EXERCISE BRIEF: Every record that follows must be duplicated exactly, with images left out.

PROVIDED RECORDS:

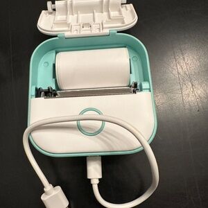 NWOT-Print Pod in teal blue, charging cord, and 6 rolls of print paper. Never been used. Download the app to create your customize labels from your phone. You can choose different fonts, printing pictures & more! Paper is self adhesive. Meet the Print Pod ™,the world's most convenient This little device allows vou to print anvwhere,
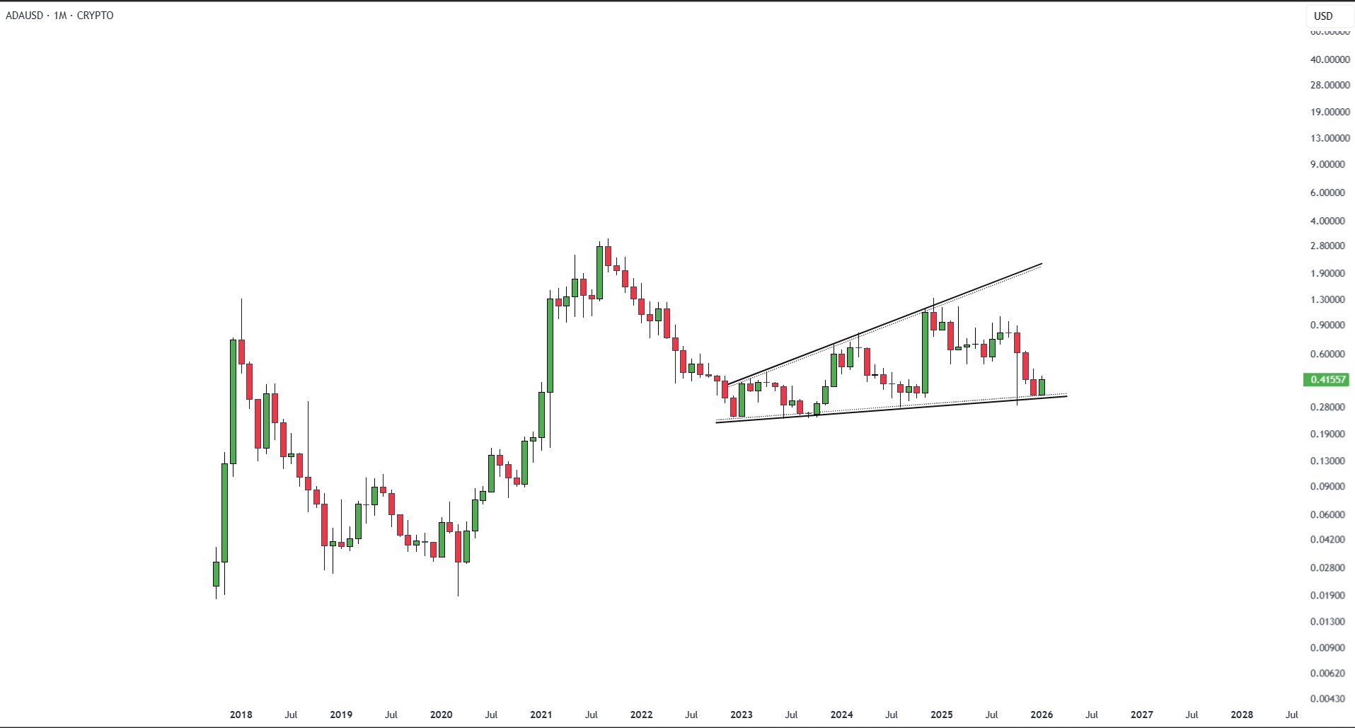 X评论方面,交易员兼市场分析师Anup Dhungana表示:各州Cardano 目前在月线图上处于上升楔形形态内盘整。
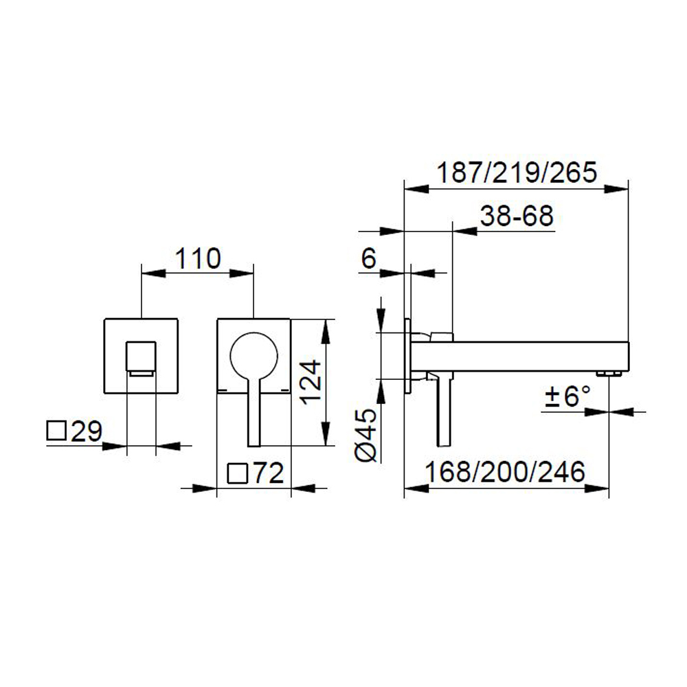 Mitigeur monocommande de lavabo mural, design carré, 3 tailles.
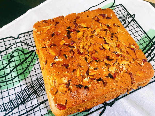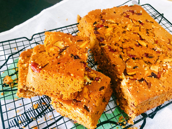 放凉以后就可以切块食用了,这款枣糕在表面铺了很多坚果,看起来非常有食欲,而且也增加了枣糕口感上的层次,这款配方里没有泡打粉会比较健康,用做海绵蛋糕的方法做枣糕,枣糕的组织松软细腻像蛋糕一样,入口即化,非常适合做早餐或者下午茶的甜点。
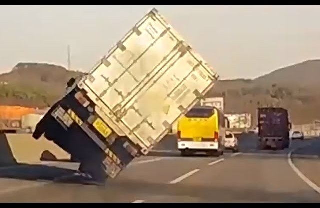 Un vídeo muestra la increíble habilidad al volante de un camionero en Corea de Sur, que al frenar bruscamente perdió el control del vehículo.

RESULT FOR THIS EXERCISE:
 NWOT-Print Pod in teal blue, charging cord, and 6 rolls of print paper. Never been used. Download the app to create your customize labels from your phone. You can choose different fonts, printing pictures & more! Paper is self adhesive. Meet the Print Pod ™,the world's most convenient This little device allows vou to print anvwhere,
 X评论方面,交易员兼市场分析师Anup Dhungana表示:各州Cardano 目前在月线图上处于上升楔形形态内盘整。
 Mitigeur monocommande de lavabo mural, design carré, 3 tailles.
 放凉以后就可以切块食用了,这款枣糕在表面铺了很多坚果,看起来非常有食欲,而且也增加了枣糕口感上的层次,这款配方里没有泡打粉会比较健康,用做海绵蛋糕的方法做枣糕,枣糕的组织松软细腻像蛋糕一样,入口即化,非常适合做早餐或者下午茶的甜点。
 Un vídeo muestra la increíble habilidad al volante de un camionero en Corea de Sur, que al frenar bruscamente perdió el control del vehículo.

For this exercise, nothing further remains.